Mehmet Ufuk Uras (; born January 4, 1959, in Üsküdar, Istanbul, Turkey) is a Turkish left-libertarian politician and economist.

Biography and political career
Uras graduated from the Faculty of Economics of Istanbul University and began working as an academician at the same institution. A former leader of the now-defunct University Lecturers' Union (Öğretim Elemanları Sendikası), he was elected the chairman of Freedom and Solidarity Party (ÖDP) in 1996. Uras resigned from the leadership after the 2002 general election. He became the party chairman again in 2007.

2007 elections and after
Uras ran a successful campaign an independent and a "common candidate of the Left" within the Thousand Hopes alliance, backed by Kurdish-based Democratic Society Party and several left-wing, environmentalist and pro-peace groups in the 2007 general election, polling 81,486 votes, which is approximately 4 per cent of the vote in his constituency. After having elected as an independent to the parliament he rejoined the ÖDP.

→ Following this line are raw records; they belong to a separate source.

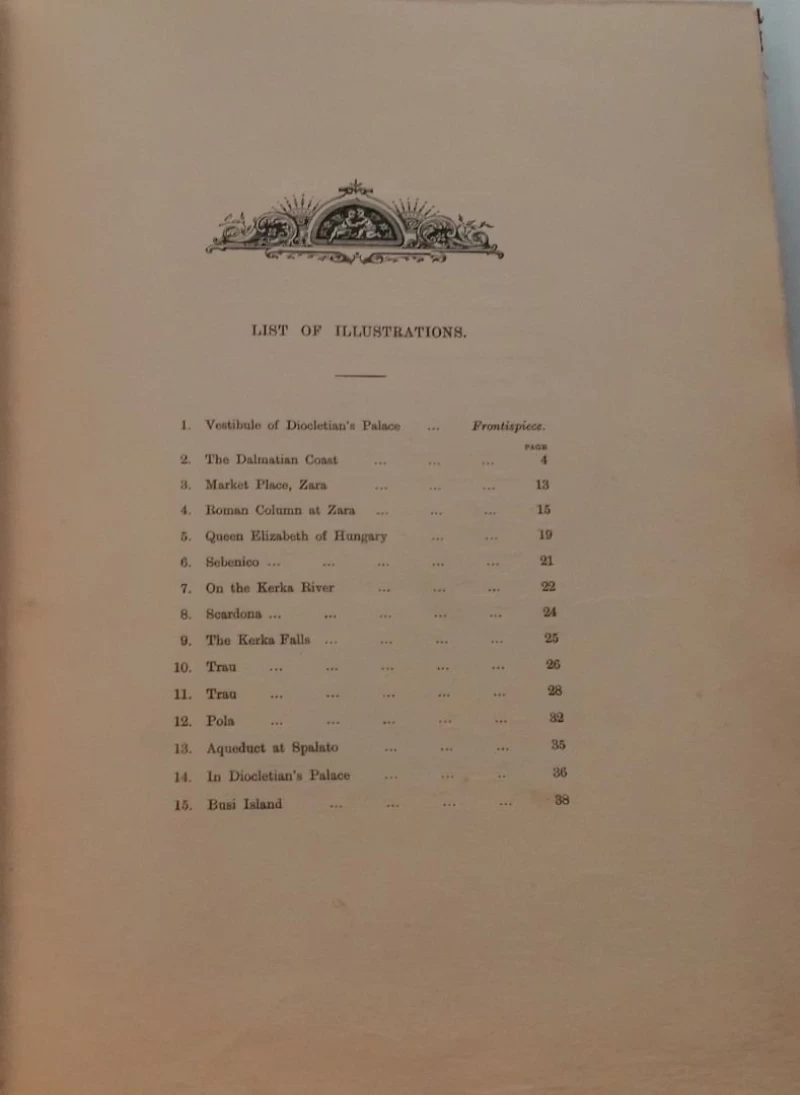 Prvo izdanje. Sadržaj i popis ilustracija na početku knjige. Ilustrirano - 30 cjelostranih litografija u sepija tehnici na umetnutim listovima sa zaštitnom folijom. Vinjeta na naslovnici. Skicozni plan Zadra na str. 14. Originalan tvrdi platneni uvez s raskošnim zlatotiskom na prednjim koricama. Vrlo rijetka knjiga malo poznatog autora teksta i slikara sa zanimljivim opisima obale od Pule do Kotora. Autor je uz dalmatinsku obalu putovao 1899. godine, na poziv prijatelja, na njegovu parobrodu.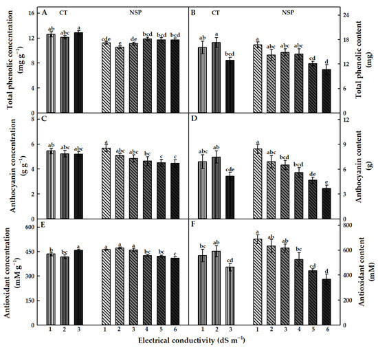 Total phenolic, total anthocyanin, and antioxidant concentration (A,C,E) and content (B,D,F) of red perilla plants grown under various EC levels of greenhouse nutrient solution (CT) and the newly-developed nutrient solution for red perilla (NSP) after 7 weeks of transplanting. Different letters indicate significant difference at p < 0.05 (n = 9).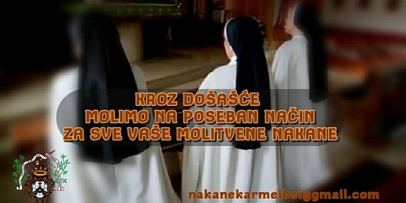 Svoje molitvene nakane sestrama karmelićankama BSI možete slati putem e-pošte: Ova e-mail adresa je zaštićena od spambota. Potrebno je omogućiti JavaScript da je vidite. ili Facebooka.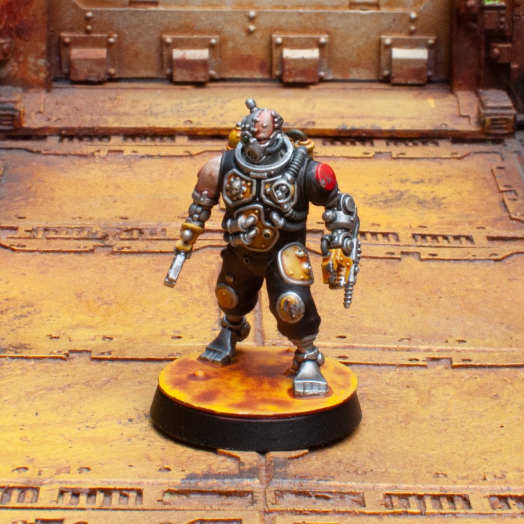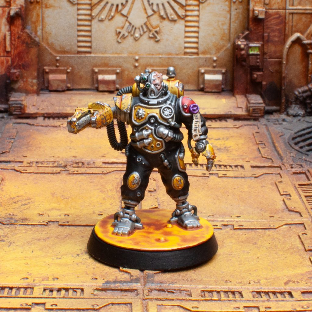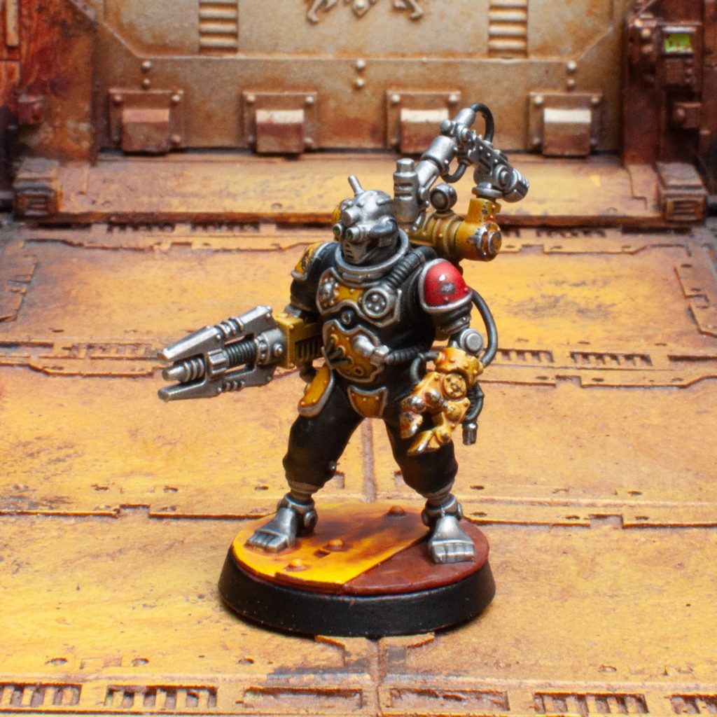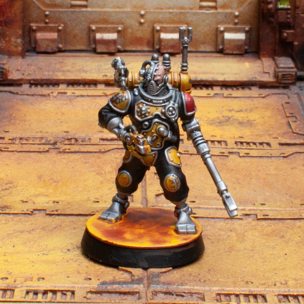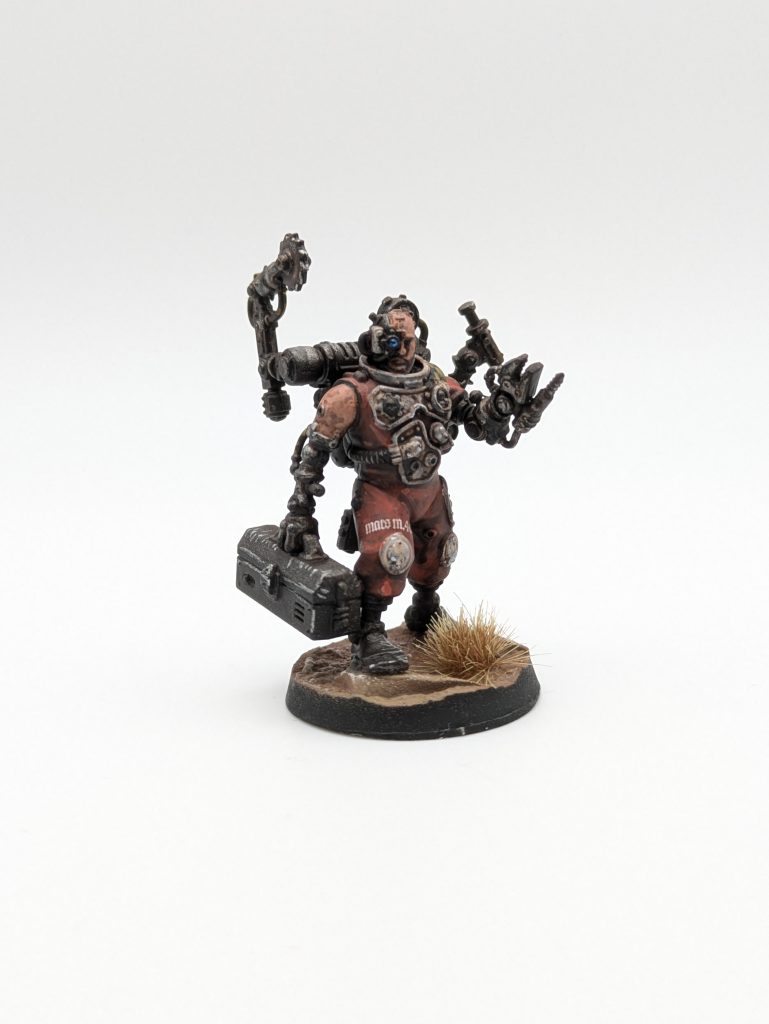DYLON: I couldn’t help but do some small conversions to these guys. I figure they’ll show up in my underhive either as civilians in Downtown Dustup or some other flavor of NPC. As such, I wanted to model them more as a servitor work crew. Their only weapons are the flamer (great for clearing out vents), and the Lascutter… which also feels pretty appropriate for underhive work. Everyone else has claws, clamps, or whatnot. I converted one of the larger Servitors with the metal servo claw from a long-OOP Servitor. With a little cable added, it fits pretty nicely.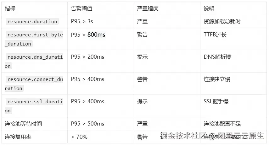 然而,这个案例也给我们带来了更深层的思考------性能优化不应该是"亡羊补牢"式的事后补救。除了掌握事后排查和优化的方法,更重要的是建立一套完善的性能监控体系,通过 RUM 控制台实时掌握应用的网络性能指标,将"被动救火"转变为"主动观测"。如果有需要,还可以基于 RUM 平台自定义配置告警规则(如连接池等待时间P95 > 500ms 时触发通知),进一步提升问题响应速度。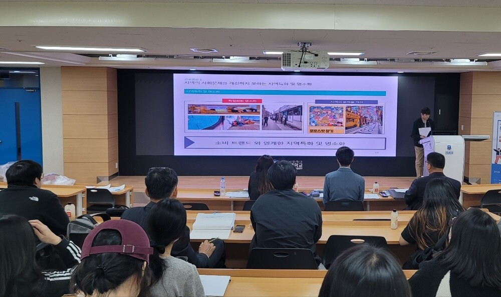 양주시 도시재생대학 청년기획단 학생들이 사업계획을 발표하고 있다. 사진=경동대 제공 |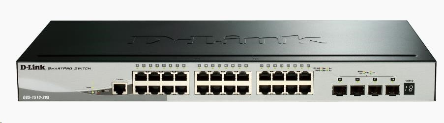 D-Link DGS-1510-28X 28-portový gigabitový stohovateľný inteligentný riadený prepínač, 24x gigabit RJ45, 4x 10G SFP+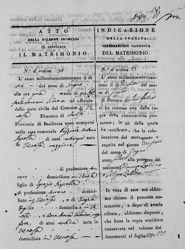 Pasquale Antonio Rapolla were married on July 17, 1831 in Venosa, Potenza, Basilicata, Italy. She died.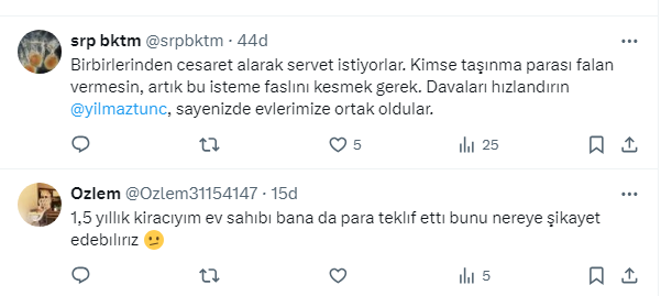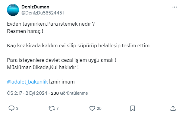 Mağdur ev sahibi Deniz Duman konuyla ilgili sosyal medya hesabı X'ten isyan etti. Duman, 'evden taşınırken para istemek nedir?' diye sordu. Bunun resmen haraç olduğunu söyleyen duman, taşınma parası isteyen kiracılara devletin cezai işlem uygulaması gerektiğini söyledi. İşte Deniz Duman'ın sosyal medya hesabı x'ten yaptığı o paylaşım ve gelen yorumlar...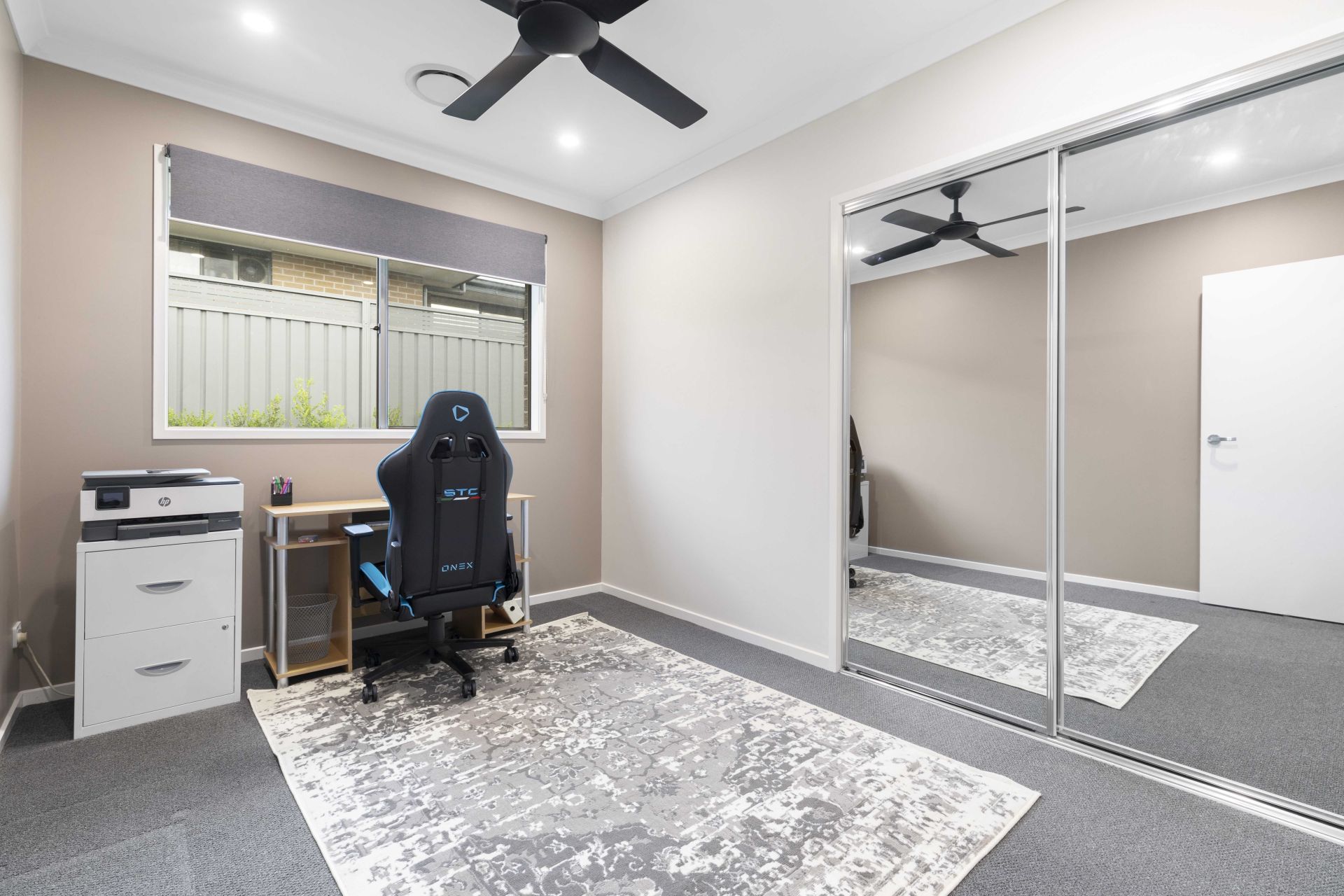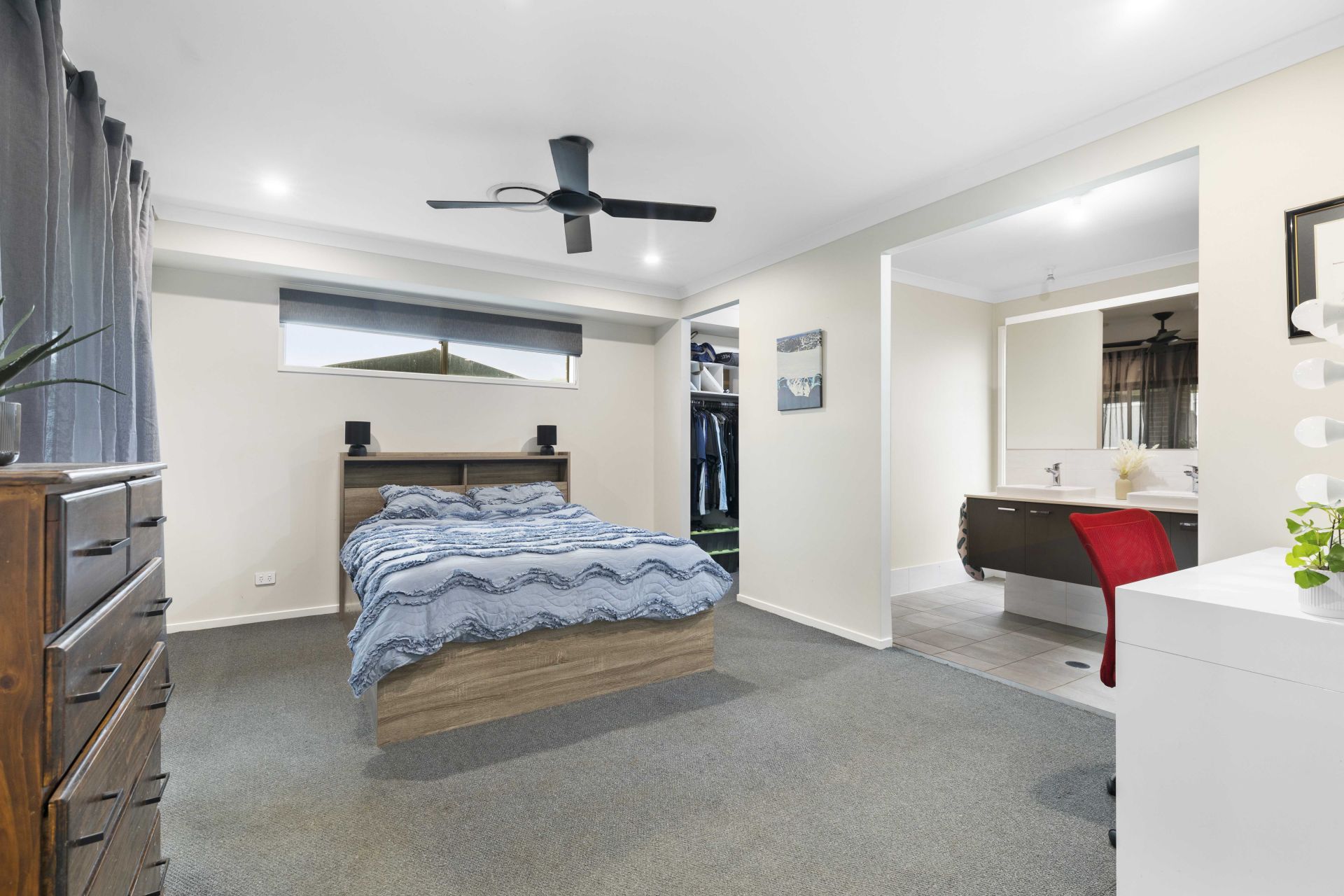 Expertly designed for both comfort and practicality, the home features a master retreat complete with a sumptuous ensuite including double wall hung vanity with stone benchtops and large walk-in robe. The additional three bedrooms include built-in robes, offering ample space for family and guests. A dedicated home theatre room at the front of the house provides a cozy retreat for movie nights, while ducted air conditioning and high ceilings ensure year-round comfort.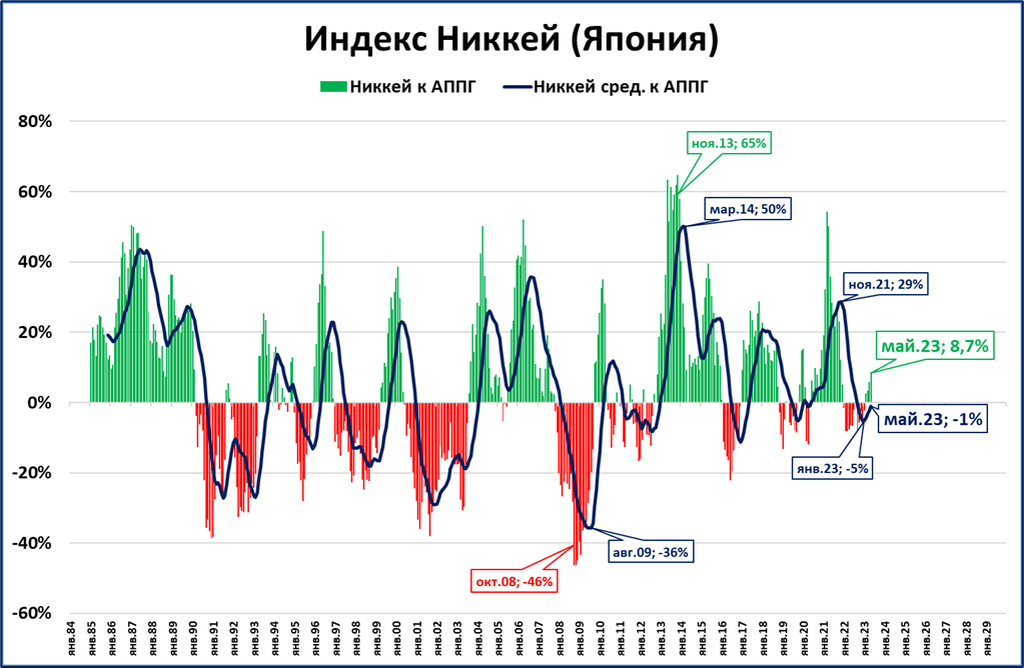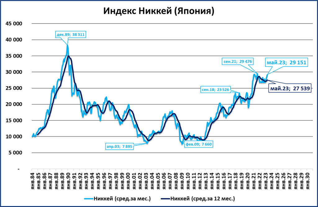 В мае индекс японского фондового рынка Никкей поднялся выше 29 тыс. пунктов и приблизился к рекордным за последние 30 лет значениям (сен. 2021 года, 29 476 пунктов).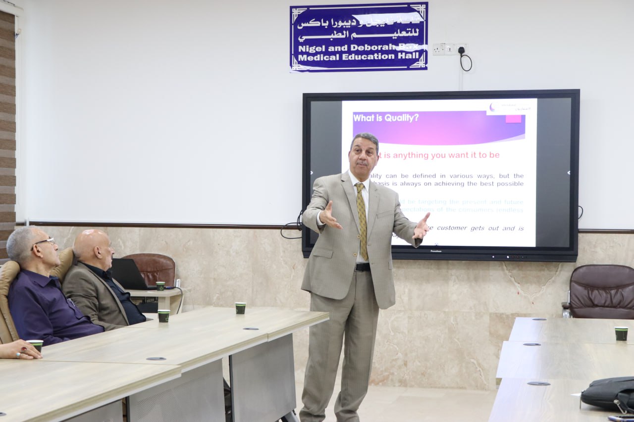 بحضور السيد رئيس الجامعة المحترم الاستاذ الدكتور ابراهيم الحياوي والسيد عميد كلية الطب المحترم الاستاذ الدكتور علي عبد سعدون اقامت كلية الطب ندوة في الجودة والاعتمادية في الصحة حيث حاضر فيها الدكتور الاختصاص علي العنبوري وقدم السيد العميد كتاب الشكر والتقدير الى الدكتور علي عنبوري تثميناً لجهوده متمنين له دوام التوفيق.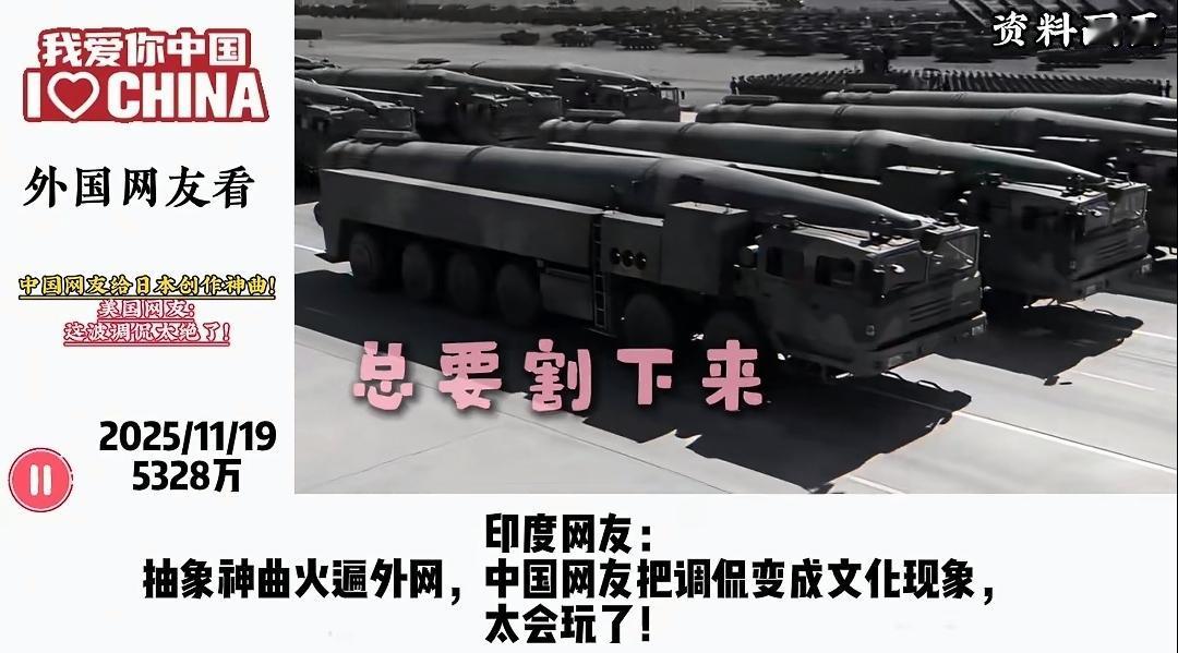 太有才了! 近期中国网友的神作《割脑袋》,以幽默诙谐的方式回怼日本不当言论。 你最近有没有听过这首歌? 这首嘲讽日本近期不当言论的神曲《割脑袋》,在海外平台强势出圈,让全世界见识到中国网友的“花式反击”! 歌词:割,啊割,啊割脑袋,伸过来的脑袋总要割下来。排队割脑袋,割够一麻袋,越割越开心,越割越上瘾。 割,啊割,啊割脑袋,小柜子的脑袋总要割下来。不割就使坏,使坏割脑袋,割完说拜拜,再留下个小男孩……画面停留在原子弹爆炸瞬间。 这首歌没有硬刚的戾气,全靠幽默诙谐的表达戳穿本质。直白的歌词,精准的吐槽,魔性的节奏一听就让人上头。 不得不说中国网友是真的很有才!总是能把心中的不满化作创意,用轻松方式自己的传递立场。 建议大家有空的时候再去听一下《腾冲风骨》也是一位有才的网友写的。超燃!

He was removed from his post as the ÖDP party leader in 2009, when his opponent Hayri Kozanoğlu was elected. He resigned from the Freedom and Solidarity Party on 19 June 2009.

After the Democratic Society Party was dissolved in December 2009 and two of its MPs were banned from politics for five years, he joined forces with the remaining Kurdish MPs in the Peace and Democracy Party group, giving them the twenty seats necessary to retain their position as a parliamentary party.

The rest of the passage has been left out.